Dion Kliner: I believe that it may not be possible to ever truly see the art that is in front of us; that we only see it through the vast and ghostly parade of all we’ve seen and are reminded of. My overarching challenge is in finding a way of sculpting my subject so that I’m  surprised and confused by what I’ve made; so that it slips in between all the work I admire, I despise, and cannot get out of my mind. I think I’ve satisfactorily achieved this with my feet and legs. Heads had been another matter until I began asking the question, “What would the heads look like that go with my feet?” When I saw Coupey’s ‘Imaginary Portraits,’ they were an inspiration and I saw a direction I could follow. Drawn in black, white and buff oil stick on paper, they are the colors of plaster, bone, and ivory. Using direct, simple and necessary lines, the forms read easily as volumetric and sculptural. The characters are distinct, but not caricatures; and though imaginary, they’re reminiscent (for me, ’Imaginary Portrait #8’ is Jean Genet). ‘Head (Imaginary Portrait)’ and ‘Head With Wings’ are my first translations; not that close, but on the way.

——

*Also the title of Coupey’s recent solo exhibition at Gallery Jones last November.


About the Artists

Pierre Coupey
Founding co-editor of The Georgia Straight, founding editor of The Capilano Review, Pierre Coupey has received numerous awards, grants and commissions in Visual art, including grants from Conseil des Arts du Québec, Canada Council, BC Arts Council, and Audain Foundation for the Arts. Received Distinguished Artist Award from FANS (2013), elected to Royal Canadian Academy of Arts (2018), named Faculty Emeritus, Capilano University (2019). Represented in private, corporate, and public collections in Canada and abroad, including permanent collections of Belkin Art Gallery, Burnaby Art Gallery, Canada Council Art Bank, Kelowna Art Gallery, Simon Fraser University Art Gallery, University of Guelph Collection, University of Lethbridge Art Gallery, Vancouver Art Gallery and West Vancouver Art Museum, among others.  Represented by Gallery Jones in Vancouver and by Odon Wagner Gallery in Toronto.

Dion Kliner
Recognized primarily as a sculptor and a writer, Dion Kliner also creates intimately scaled works on paper. Texts for Nothing – One is one of a series of thirteen drawings inspired by Samuel Becket’s thirteen short prose pieces in his book Stories and Texts for Nothing, published in 1967. Kliner’s drawings were produced letter by letter in a laborious rewriting of each one of the texts in its entirety. The original content remains, but has been pulverized through a random distribution of its letters over the paper. Far from being permanent formations, Kliner sees the drawings as short term agglomerations of possibility, which at any moment could crumble back to their original state or reconfigure into something entirely new.

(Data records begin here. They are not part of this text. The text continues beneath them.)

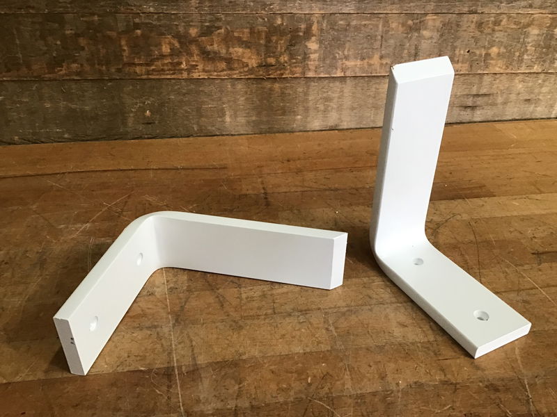 Set of 2 front mount countertop "L" brackets with a white finish by Iron Supports. These brackets are the 6" high by 8" deep and 0.5" thick steel. These sell new at about $35 a piece, see details here.
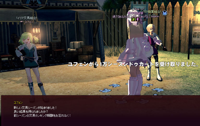 シーズンの初期化を待ってからペット探検隊を完了するとお得 2023年11月01日 13:12 カテゴリ:マビノギ交易 2Tweet 少額ながらペット探検隊の追加報酬には…シーズンドゥカートをもらえるものがあるので、これを交易の軍資金とすることにしましょう。まず新しいシーズンが始まったら交易所のサポーター、交易組合に話しかけて初期化を行います。 それまで持っていたシーズンドゥカートがドゥカートに換金されてしまうところがポイント。なので交易シーズンが初期化されてからさっきのペット探検隊を完了すると…… 誰のための配送なのか地域の名物初期化の際にもらえる1万シーズンドゥカートに追加されました(^o^)ノ イエー!本当にささいなことですがwwwww交易シーズンの切り替わりにはちょっとした工夫ができるというわけです。 タグ :#交易#仕様#ペット探検隊#ネタ 「マビノギ」の最新記事 「交易」の最新記事 この記事へのコメント コメント一覧 (2) 1. とうかっち 2023年11月01日 14:54 初動がかなり変わるのででかいと思うです 0 あすさん がしました 2. あすさん 2023年11月01日 16:15 >>1 >とうかっちさん たしかに1万と2万では買える量が大違いですね…! 0 あすさん がしました コメントフォーム 名前 コメント 記事の評価 リセット リセット 顔 星 情報を記憶 コメントを投稿する
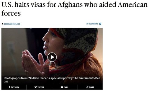 U.S. halts visas for Afghans who aided American forces, Sacramento Bee, March 15, 2017Afghans who aided U.S. forces fighting the Taliban can no longer receive special visas for their service, at least until year’s end, said U.S. senators and advocates who are trying to pass legislation to restart the flow of newcomers.
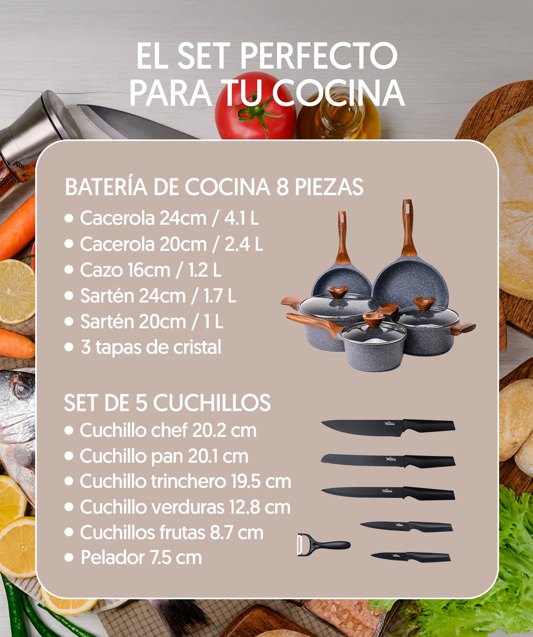 La batería es apta para todo tipo de cocinas: inducción, gas, eléctrica y vitrocerámica. También se encuentra libre de PFOA, PFOS, plomo y cadmio. Mientras que los cuchillos profesionales exhiben ligereza para adaptarse tanto a principiantes como a expertos en la materia.
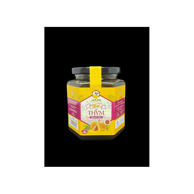 Miel pur de thym aux arômes intenses et herbacés, récolté artisanalement par notre coopérative partenaire au Maroc. Grand format 500g.
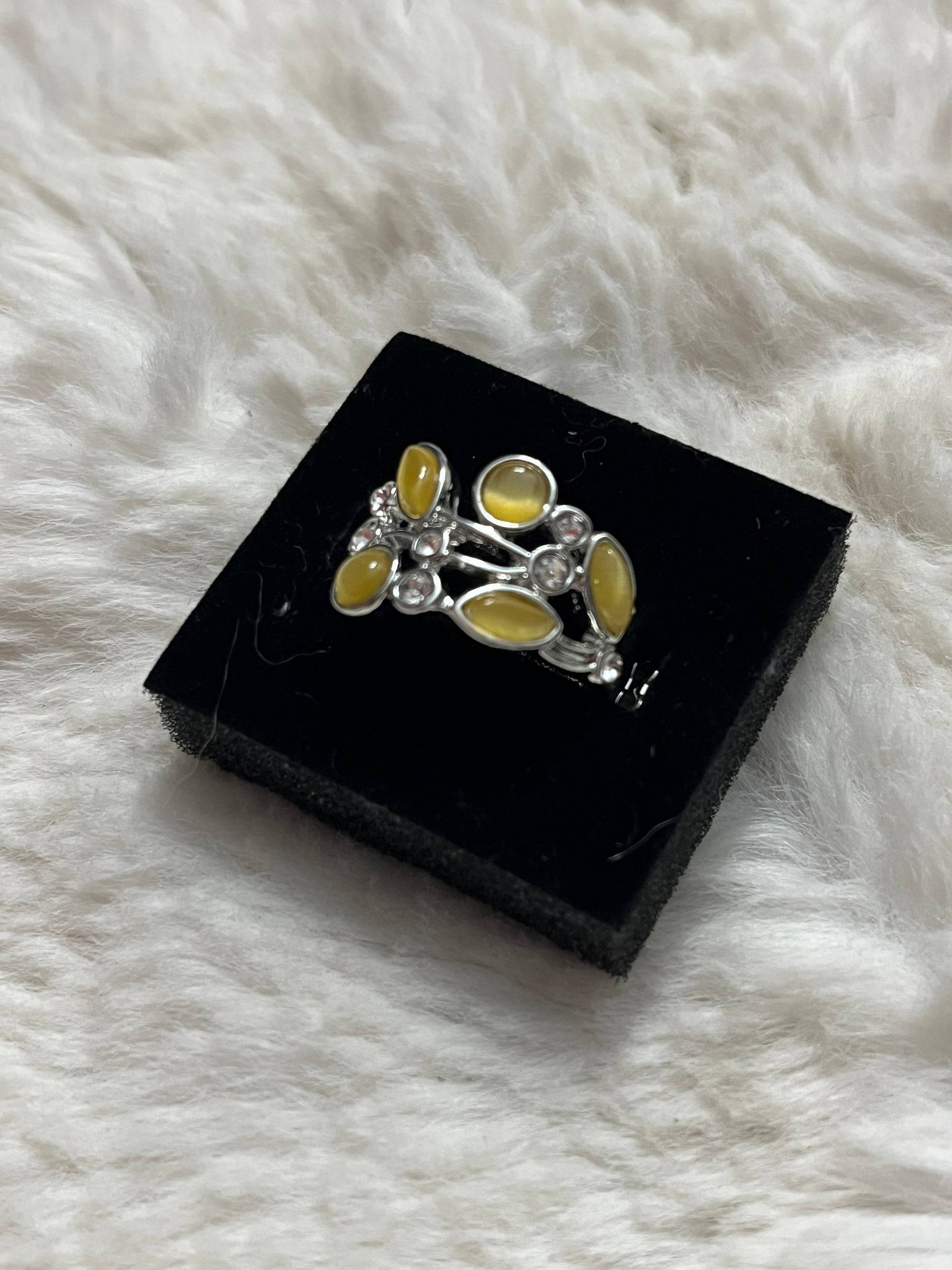 Make a subtle yet striking statement with this Sunny Bloom Ring. Designed with a polished silver finish and radiant yellow stones accented by sparkling crystals, this ring delivers timeless style with a modern edge.
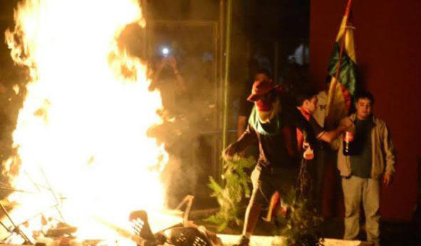 Sayımlara verilen 24 saatlik aranın ardından farkın kapanması, muhalefetin hile yapıldığı iddialarını ateşlerken sokaklarda da gösteriler başladı. Karanlığın çökmesiyle Tarija ve Sucre şehirlerinden protestocular seçim sandıklarını yaktı ve oy kullanma merkezlerini ateşe verdi.

Kliner was born in Los Angeles, California. After attending the Nova Scotia College of Art and Design and East Texas State University he moved to New York City where he worked as a sculptor and writer. In 2003 Kliner relocated with his family to Vancouver. Kliner’s sculptures and drawings have been shown throughout North America, including solo exhibitions at Saint Thomas University (Fredericton) and East Texas State University Gallery (Commerce, Texas). He has also been featured in numerous group exhibitions, including those at Burrard Arts Foundation (Vancouver), Gallery Jones (Vancouver) and Vancouver Art Gallery. Kliner was awarded the Adolph and Esther Gottlieb Foundation Grant in 2014.